そして、武が出勤する朝には無くなっているから、この車はおそらくこの辺の住民が通勤で使っているのだろう。
「警察は何をやっとるんじゃ」
口ではそういうが、直接被害を被っている訳ではないから責任を行政に押し付けて通報するつもりはないし、いちいち警察に説明するほどの時間ももったいない。武は「やれやれ」と吐き捨ててここから見える家の灯りを見て重い足を動かした。
* * *
「あそこって公道じゃないのか?」
その日の夜、武は食卓を囲んで妻と娘の葉月に愚痴に近い話を切り出した。
「どうやらあそこは駐車禁止場所に当たらないみたいよ」
「どういうことだよ」
武の話題に娘が答えた。
「『取り締まる法律がないんだ』ってお母さんが、ねえ」
「そうそう。こないだお隣の石垣さんと立ち話してて見ちゃったのよ」
話題に上がったのがお隣の広告塔である石垣さん。専業主婦だけに周辺の車の様子もお見通しである。だが本人には運転免許がないので、それがどれほどモラルのないことなのかは分からない点があるが。
「何を、見たのさ?」
「あの車の持ち主よ」
妻の話では車の持ち主は同じ地区に住んでいる高橋という家の主人で、町で工務店を営んでいる。大きくはないが会社の事務所には駐車場があって、本来の車庫はそこにあるのは容易に察しがつく。ということは、会社の車で自宅近くまで来てあそこに駐車しているのだろう。

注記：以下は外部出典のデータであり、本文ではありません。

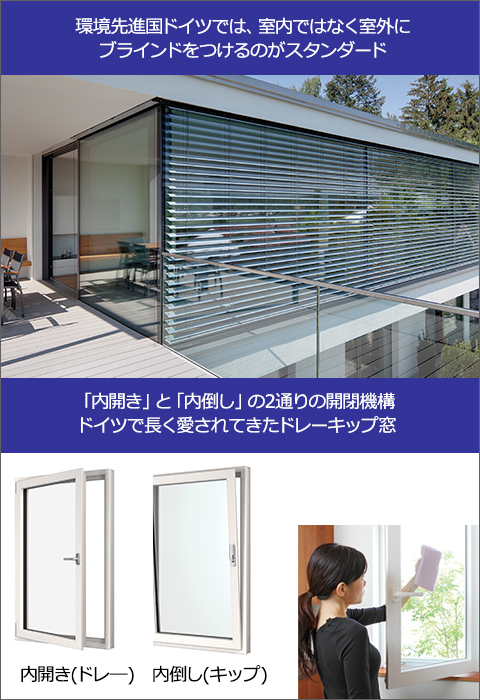 同社が提案する製品がもう一つ。冷暖房にあまり頼らない快適な暮らしを叶える、高性能断熱樹脂サッシ「エーデルフェンスター」という窓。断熱性に優れたPVC樹脂サッシとトリプルガラスのコンビで季節や天候に左右されない快適エコライフが叶います。

「自分ちの駐輪場にとめりゃいいのに……っていかないか」
「まあ無理だろうね、あそこは」
その自宅のガレージには二台の駐車スペースがあるのだが、縁石に乗り上げるのは到底できなさそうな車高の車と、品のないカスタムをした大きなバイクがある。
「単なる車庫飛ばしじゃないか!」
「だからあ、取り締まる法律がないんだって」
葉月がネットで調べた情報だと、駐車違反は公道に止まっていることが前提なんだとか。敷地に止めたところで警察は取り締まることができず、もし取り締まろうもんなら猛烈な抗議行動を起こしかねない。
「まあ、あんな家だからネットで法の抜け道を調べてるんじゃない、呆れた」
葉月は中学の頃そこのどら息子に眼をつけられたことを暗に示して吐き捨てた。そんな息子も夜中に近所迷惑な単車に乗っている。

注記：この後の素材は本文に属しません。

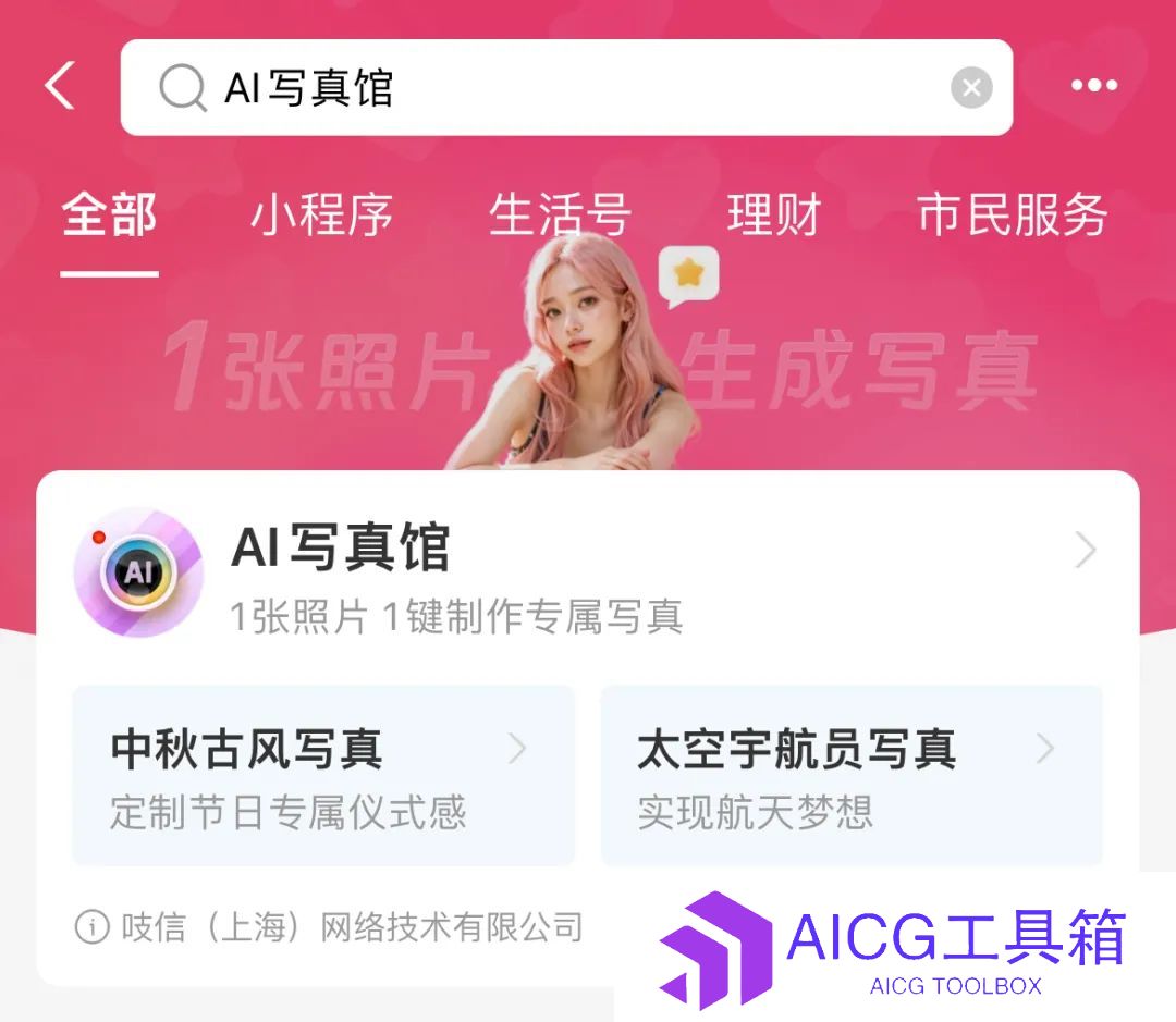 支付宝APP内搜索?:AI**馆,即可进入该小程序应用。可以看到这款小程序的开发商是上海吱信,属于蚂蚁集团旗下子公司。

「だけど、公道の脇に寄せて止まっているだけじゃないか。それも取り締まることはできんのか?」
「そうみたい」今度は妻が話に入ってきた「さっそく石垣さんが警察に問い合わせてみたんだけど、確かに公道に被っているけど敷地部分がほとんどで、取り締まりの対照としては難しいんだって」
「さっそく通報したのか?」
「ええ。思い立ったら、すぐ」
「その辺しっかりしてるなあ」
取り締まる法律がないのは確かなようだ。実際問題難しいようだし、警察ももっとしなければならないこともあるだろう。

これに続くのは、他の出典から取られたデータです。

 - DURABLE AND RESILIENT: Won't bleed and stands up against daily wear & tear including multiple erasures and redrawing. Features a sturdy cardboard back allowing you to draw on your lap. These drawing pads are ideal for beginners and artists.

言われてみればこれだけ我が物顔で道路を駐車場代わりに使えば誰かが通報する。
「でも、あそこは公道でなくても人の土地じゃないか」
「人の土地だから、取り締まれないのよ」葉月は大学で法律を勉強しているだけに決まりにはこだわる「法は基本家には入らないの」
「結局は、横着なのよ」
最後は妻が話を締めた。一連の流れを聞いて武は腹が立って、テーブルを拳で一度叩いた。
「何とかならんもんじゃろか」
「あれば警察だってなんとかするでしょうけどねえ」
「わしゃあ免許はあるが法律のことには詳しくない。でもこのままきゃつの自由にさせるのは納得いかん」
というが、自分達に損得のない問題にそこまで取り組むほどの意欲も名案も思い付かず時間が流れた。